High-Dimensional Geometry is Weird

Recall the inner product between two \(d\)-dimensional vectors \(\mathbf{x}, \mathbf{y} \in \mathbb{R}^d\). We’ll use bolded notation like \(\mathbf{x}\) to denote vectors and non-bolded notation like \(x[i]\) to denote scalars. Depending on the context, we’ll use \(x[i]\) or \(x_i\) to refer to the \(i\)th entry of the vector \(\mathbf{x}\). We can write the inner product in several equivalent ways: \[\begin{align} \langle \mathbf{x}, \mathbf{y} \rangle = \mathbf{x}^\top \mathbf{y} = \mathbf{y}^\top \mathbf{x} = \sum_{i=1}^d x[i] y[i]. \end{align}\] When we take the inner product between a vector and itself, we get the squared norm: \[\begin{align} \langle \mathbf{x}, \mathbf{x} \rangle = \mathbf{x}^\top \mathbf{x} = \sum_{i=1}^d x[i]^2 = \|\mathbf{x}\|_2^2. \end{align}\] As we know from linear algebra, the inner product is a measure of how similar two vectors are. In particular, we can write \[\begin{align} \langle \mathbf{x}, \mathbf{y} \rangle = \|\mathbf{x}\|_2 \|\mathbf{y}\|_2 \cos \theta, \end{align}\] where \(\theta\) is the angle between \(\mathbf{x}\) and \(\mathbf{y}\). When \(\mathbf{x}\) and \(\mathbf{y}\) are both unit vectors (their squared norm is 1), the inner product is just the cosine of the angle between them. When \(\mathbf{x}\) and \(\mathbf{y}\) are orthogonal, the angle between them is \(\pi/2\) and their inner product is 0.

Orthogonal Vectors

Let’s start off with a simple question. What is the size of the largest set of mutually orthogonal unit vectors in \(d\) dimensions? In other words, what is the largest value of \(t\) so that we can have a set of vectors \(\mathbf{x}_1, \ldots, \mathbf{x}_t\) such that \(\langle \mathbf{x}_i, \mathbf{x}_j \rangle = 0\) for all \(i \neq j\)?

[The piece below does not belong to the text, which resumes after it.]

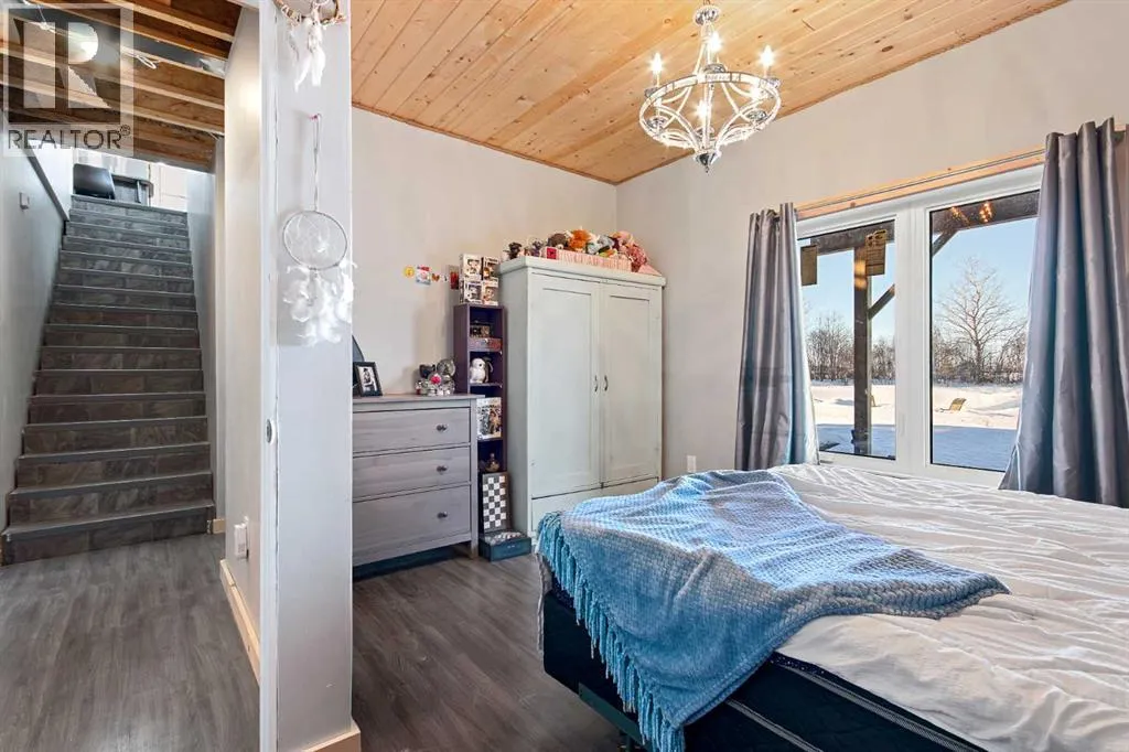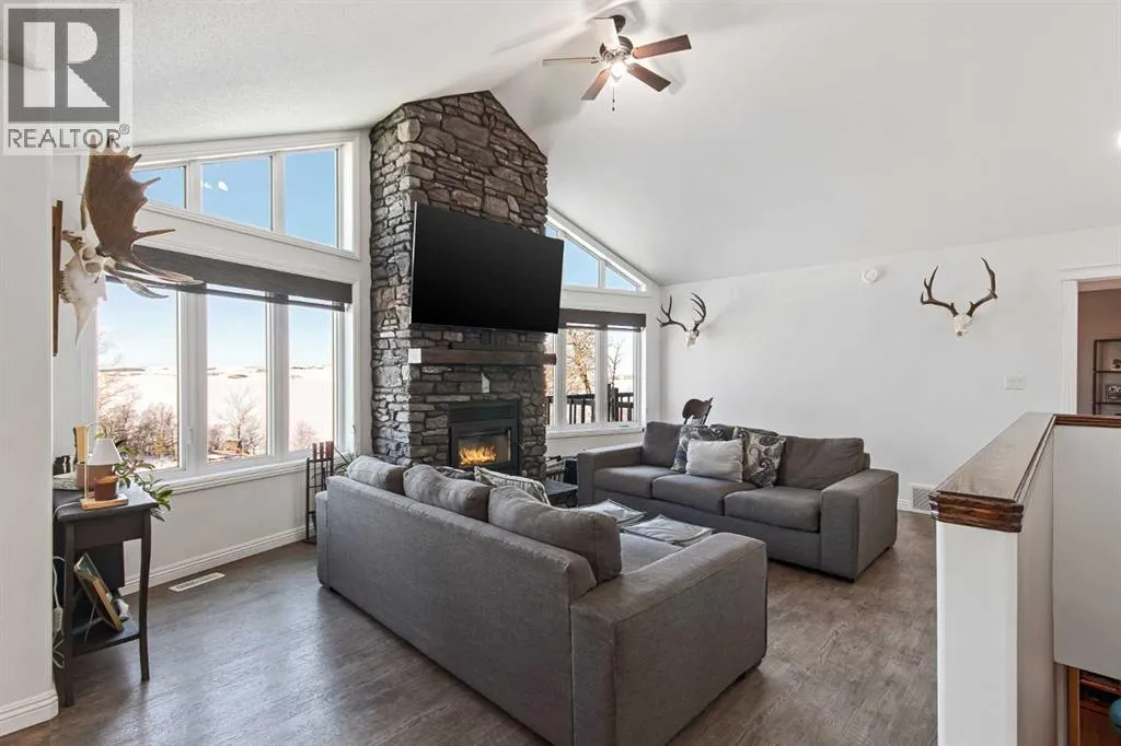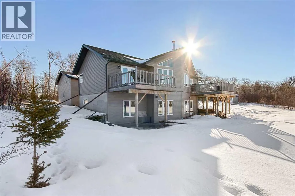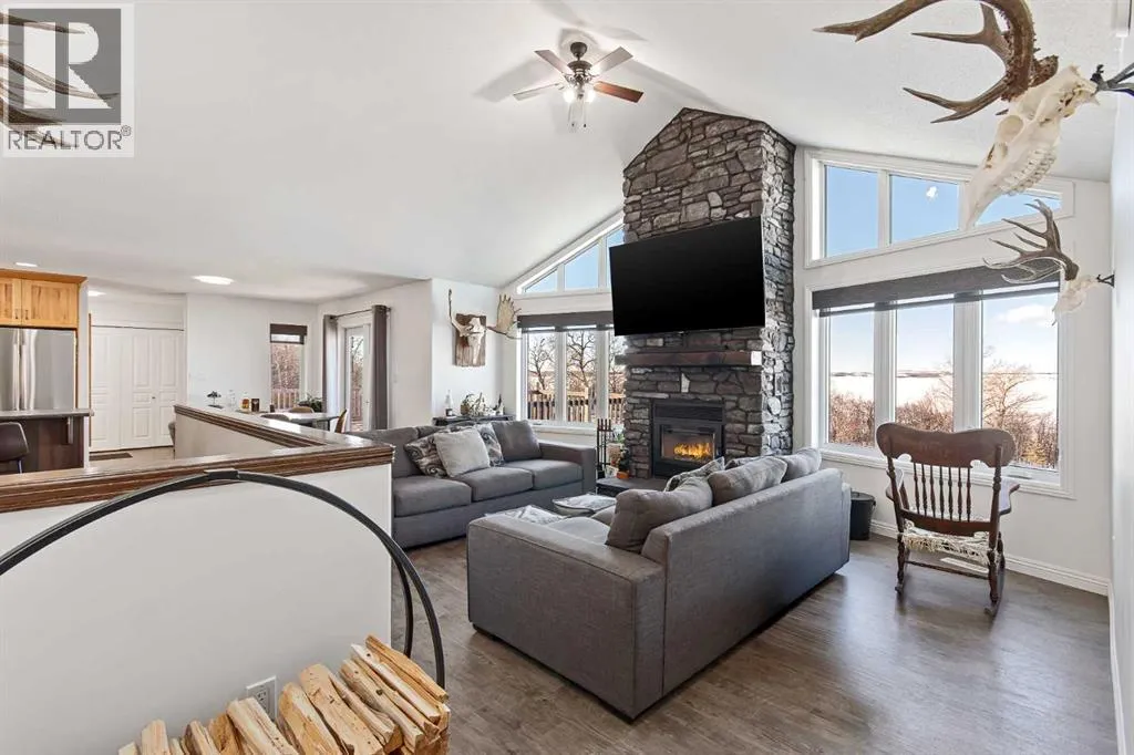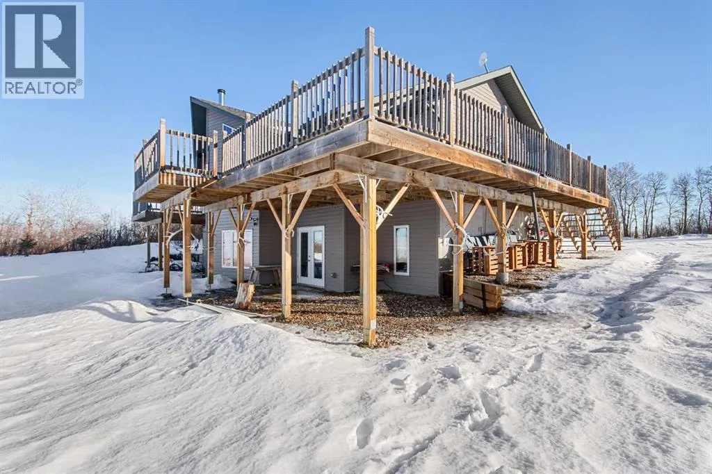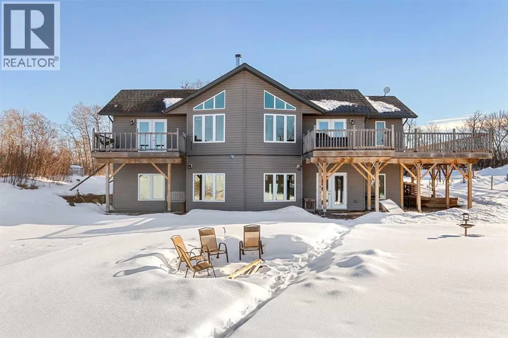 This unique 5-acre property overlooking Greenstreet Lake offers the privacy, views, and lifestyle that make acreage living so special. Surrounded by mature trees with expansive lake views, the setting feels peaceful, private, and completely connected to nature. You are immersed with nature views from every window! This home is steps to small town living and paved all the way to Lloyd! As you enter the home it is bright and welcoming, filled with natural light from large windows and finished with a clean, modern feel throughout, with no carpet. The main living space is anchored by a stunning stone wood-burning fireplace, creating warmth and character. A large open-concept kitchen with a large island and pantry. This space flows into the dining and living area for open concept living. The main entry is immersed in the wrap around deck to enjoy all year long! There is upper laundry and a half bath. The master has a large ensuite and walkin closet, there is another spacious bedroom and full bathroom. The walkout basement adds incredible functionality, opening directly to the yard and natural landscape. It is bright and airy and contains two big bedrooms with bright windows, another spot for a full bathroom. There is a bright rec room and another bedroom with a half bath currently used as a home based salon but this could be converted as desired. This home has immense storage. Outside, the property is complete with a large heated detached garage with a metal interior, designed for easy cleaning and year-round use. Central air conditioning adds comfort, while the acreage itself delivers space, privacy, and breathtaking views. This is a rare opportunity to own five acres overlooking Greenstreet Lake â a property that truly offers the lifestyle people are searching for. (id:27476)

The answer is \(d\). One example of such a set of vectors is the standard basis vectors: \(\mathbf{x}_i\) has a 1 in the \(i\)th entry and 0 everywhere else.

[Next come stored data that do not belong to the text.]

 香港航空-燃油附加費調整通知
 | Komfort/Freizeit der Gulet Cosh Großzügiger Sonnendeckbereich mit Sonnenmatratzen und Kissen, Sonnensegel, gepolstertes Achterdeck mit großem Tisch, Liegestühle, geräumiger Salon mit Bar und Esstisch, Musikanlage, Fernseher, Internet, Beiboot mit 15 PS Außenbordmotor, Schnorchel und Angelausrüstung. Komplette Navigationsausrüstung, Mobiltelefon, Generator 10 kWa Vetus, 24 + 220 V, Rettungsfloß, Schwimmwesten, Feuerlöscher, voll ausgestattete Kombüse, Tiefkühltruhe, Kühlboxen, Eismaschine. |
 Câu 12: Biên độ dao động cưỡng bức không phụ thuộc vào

We can also see that \(d\) is the largest possible size of such a set by contradiction. Suppose we have a set of more than \(d\) orthogonal unit vectors. Since we have \(d\) orthogonal vectors in \(d\) dimensions, we know that they span the entire space. Then, we can write the \(d+1\)th vector as \[\begin{align} \mathbf{x}_{d+1} = \sum_{i=1}^d \alpha_i \mathbf{x}_i \end{align}\] for some coefficients \(\alpha_i\) where there is at least one \(j\) such that \(\alpha_j \neq 0\). In words, we can write \(\mathbf{x}_{d+1}\) as the span of the first \(d\) vectors. Taking the inner product of both sides with \(\mathbf{x}_j\) gives \[\begin{align} \langle \mathbf{x}_{d+1}, \mathbf{x}_j \rangle = \sum_{i=1}^d \alpha_i \langle \mathbf{x}_i, \mathbf{x}_j \rangle = \alpha_j. \end{align}\] We have a contradiction since we assumed \(\langle \mathbf{x}_{d+1}, \mathbf{x}_j \rangle = 0\) for all \(j \in [d]\).

Now let’s pose a related question. What is the size of the largest set of nearly orthogonal unit vectors in \(d\) dimensions? In other words, what is the largest value of \(t\) so that we can have a set of vectors \(\mathbf{x}_1, \ldots, \mathbf{x}_t\) such that \(|\langle \mathbf{x}_i, \mathbf{x}_j \rangle| \leq \epsilon\) for all \(i \neq j\)?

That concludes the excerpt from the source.